In response to a complaint filed by Georgetown senior Kate Dieringer (NUR ‘05), the U.S. Department of Education informed the University July 16 that it could not force sexual assault victims to keep the names of their assailants secret.
Dieringer could not contain her happiness with news of the decision.
“I feel like I’ve been able to be Kate again and that this no longer dominates my life as it has for the past three years,” she said.
Assistant Vice-President for Communications Julie Green Bataille said that the University will change its policy to comply with the DOE’s directive by the beginning of the Fall 2004 semester.
A Georgetown disciplinary committee in the spring of 2002 found a student responsible for a “Category C” violation against Dieringer. A “Category C” violation is defined by the University as the most serious type of offense, assault with bodily injury. The assault took place in the first month of her first year.
In order to be informed of her assailant’s possible sanction, however, Dieringer had to sign a confidentiality agreement before the adjudication process took place, restricting her ability to reveal the accused’s name to anyone but her parents and one close adviser.
The disciplinary committee initially expelled the student from Georgetown but, upon appeal, shortened his sentence to a one-year suspension. The sanction left Dieringer fuming.
“The problem was actually the outcome,” she said. “It was ridiculous to not expel someone because he only raped one person,” she said.
After learning the decision, Dieringer filed a formal complaint with the DOE in February 2003, alleging that the University was breaking federal law by forcing sexual assault victims to sign non-disclosure agreements.
Before the directive was issued, the University had maintained that it must keep the identity of those accused of sexual assault confidential in order to preserve the integrity of student educational records as mandated by federal law under the Family Education Rights and Privacy Act.
The DOE, however, determined that the University was in violation of the 1990 Jeanne Clery Act, which stipulates that colleges must publicly disclose all crimes that occur on campus.
“The University must discontinue its use of non-disclosure agreements with regard to the dissemination of judicial proceeding outcomes and sanctions to accusers and the accused in cases of alleged sexual offenses,” the DOE wrote in a letter addressed to University President John DeGioia.
David Bergeron, the Director of Policy and Budget Development at the DOE’s Office of Secondary Education, said that the specific statutes of the Clery Act overruled the more general FERPA requirements in the DOE’s decision.
“The Clery Act trumps the FERPA requirements of sexual assault,” he said. “It’s that simple, in our view.”
According to Daniel Carter, Senior Vice President of the victims-advocate group Security on Campus Inc., the government’s decision could have an important effect on campus sexual assault policy across the country.
While Carter believes that more cases will be examined by the DOE, he said that the decision is an important step towards greater rights for sexual assault victims.

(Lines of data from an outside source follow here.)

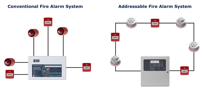 A conventional fire alarm divides your building into zones, with each zone containing its own detectors and call points. When a device is triggered, the control panel identifies which zone the activation came from, helping users quickly locate the source of the alert. This system is ideal for small to medium-sized premises where simplicity and reliability are key.
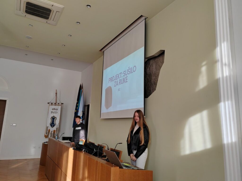 Pobjedu je odnio projekt 8. c razreda “Sušila za ruke” kojim su promišljali o potrebama unutar škole te usporedili potrošnju struje s potrošnjom papira kako bi ukazali na uštedu koju bi škola mogla postići. Predstavnici razreda, Marta Kaser i Antonio Londero, odlično su se snašli u ulozi prezentatora te su spremno odgovarali na razna pitanja publike.
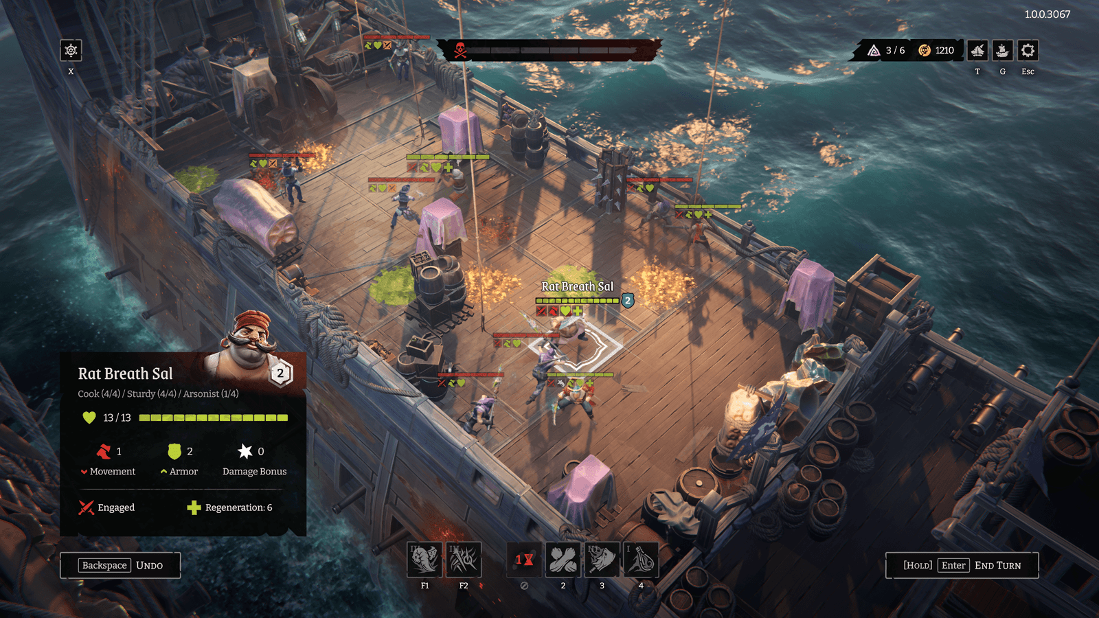 - Os danos permanecem ao longo das aventuras, obrigando-te a trocar os membros da tripulação de forma a dar-lhes tempo para recuperar.
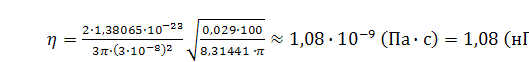 Подставляя числовые параметры, величину среднего диаметра молекул воздуха
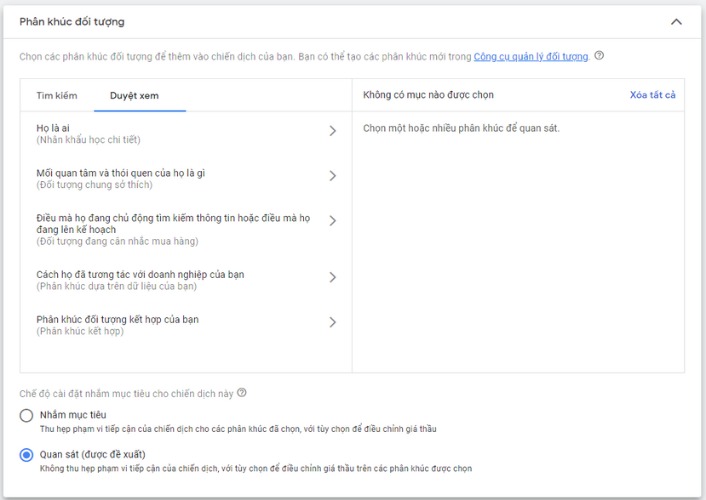 Phân khúc đối tượng: Nhà quảng cáo có thể target quảng cáo của mình đến hành vi, nhân khẩu học của khách hàng.
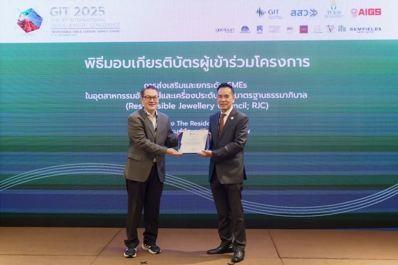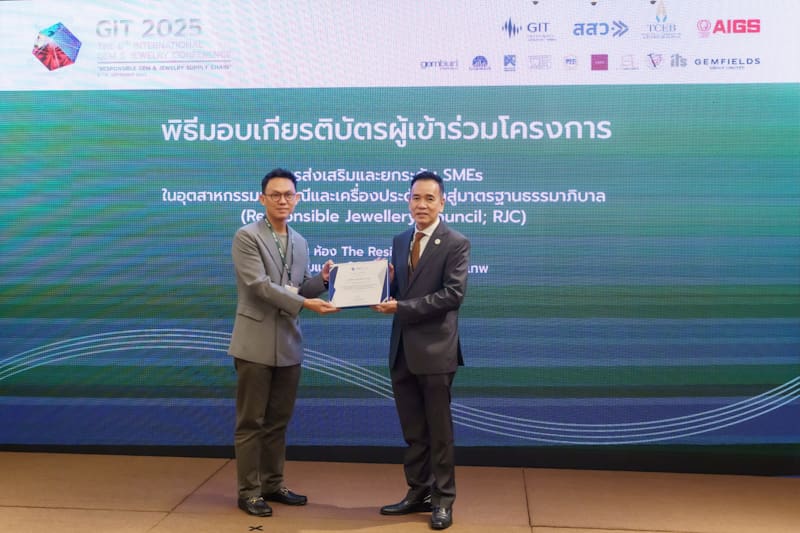 ภายในงานครั้งนี้ นอกจากจะจัดให้มีการสัมมนาในหัวข้อที่น่าสนใจแล้ว ในช่วงบ่ายของวันนี้ (8 ก.ย. 68) ยังจัดให้มีพิธีมอบเกียรติบัตรผู้เข้าร่วมโครงการ “การส่งเสริมและยกระดับ SMEs ในอุตสาหกรรมอัญมณีและเครื่องประดับเข้าสู่มาตรฐานธรรมาภิบาล (Responsible Jewellery Council; RJC)” และพิธีมอบใบรับรองการขึ้นทะเบียนห้องปฏิบัติการมาตรฐาน GIT Standard ณ ห้อง The Residence ชั้น M โดยได้รับเกียรติจาก นายสุเมธ ประสงค์พงษ์ชัย ผู้อำนวยการสถาบันวิจัยและพัฒนาอัญมณีและเครื่องประดับแห่งชาติ เป็นประธานในพิธี ซึ่งรางวัลที่ได้รับนี้ ถือเป็นใบประกาศเกียรติคุณและกำลังใจสำคัญที่จะเตือนย้ำให้ทุกองค์กรมีความมุ่งมั่นพัฒนา โดยตั้งอยู่บนมาตรฐานธรรมาภิบาล เพื่อธุรกิจจะเติบโตอย่างยั่งยืนต่อไป และยกระดับมาตรฐานห้องปฏิบัติการให้เทียบเท่าสากล
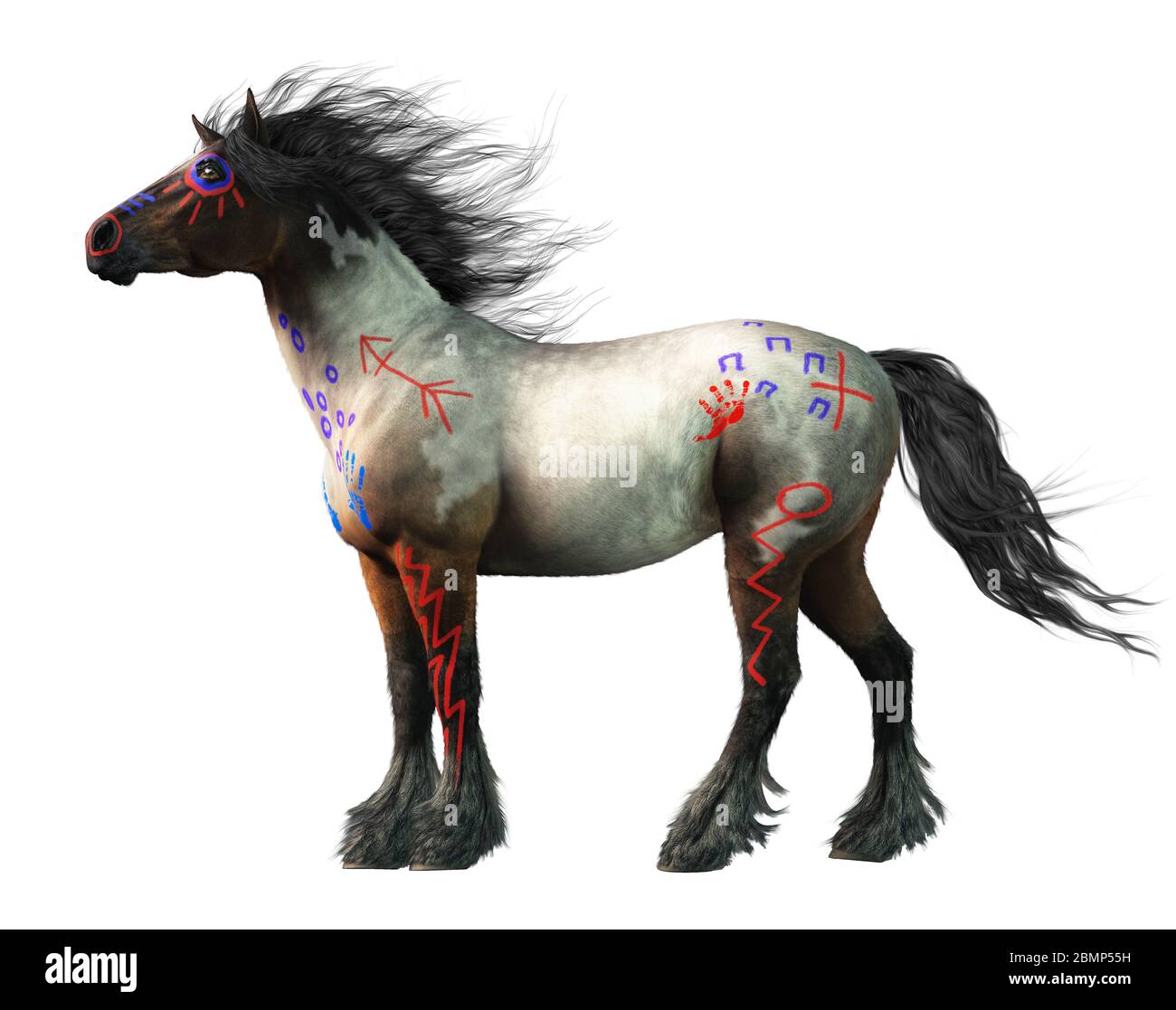 A Roan Coated Native American War Horse Wearing War Paint On A White Background Stock Photo Alamy
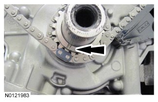 Align the colored link on the timing chain with the timing mark on the LH VCT assembly.
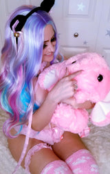 Kawaii Fashion Tip: Pair this adorable fluffy bunny backpack with a Matching Bunny Water Bottle, also available in our shop!

“The prospect of disciplinary action has had a chilling effect on victims’ ability to speak out,” he said. “Without oversight, there are chances that a miscarriage of justice can occur.”
While the University originally enacted the non-disclosure policy to protect the privacy of students, Elizabeth Trautman (SFS ‘05) co-chairperson of Take Back the Night, an annual event that focuses on gender-motivated violence, said the DOE’s decision did not mean that those accused of sexual assault would be publicly exposed.
“I think what it will allow is for victims of sexual assault on campus to seek the help they need from friends, trusted advisors etc.,” she said.
Dieringer, meanwhile looks forward to starting her senior year at Georgetown.
“It’s been a long road, but thankfully it’s culminated in something that’s good for everyone, good for Georgetown,” she said.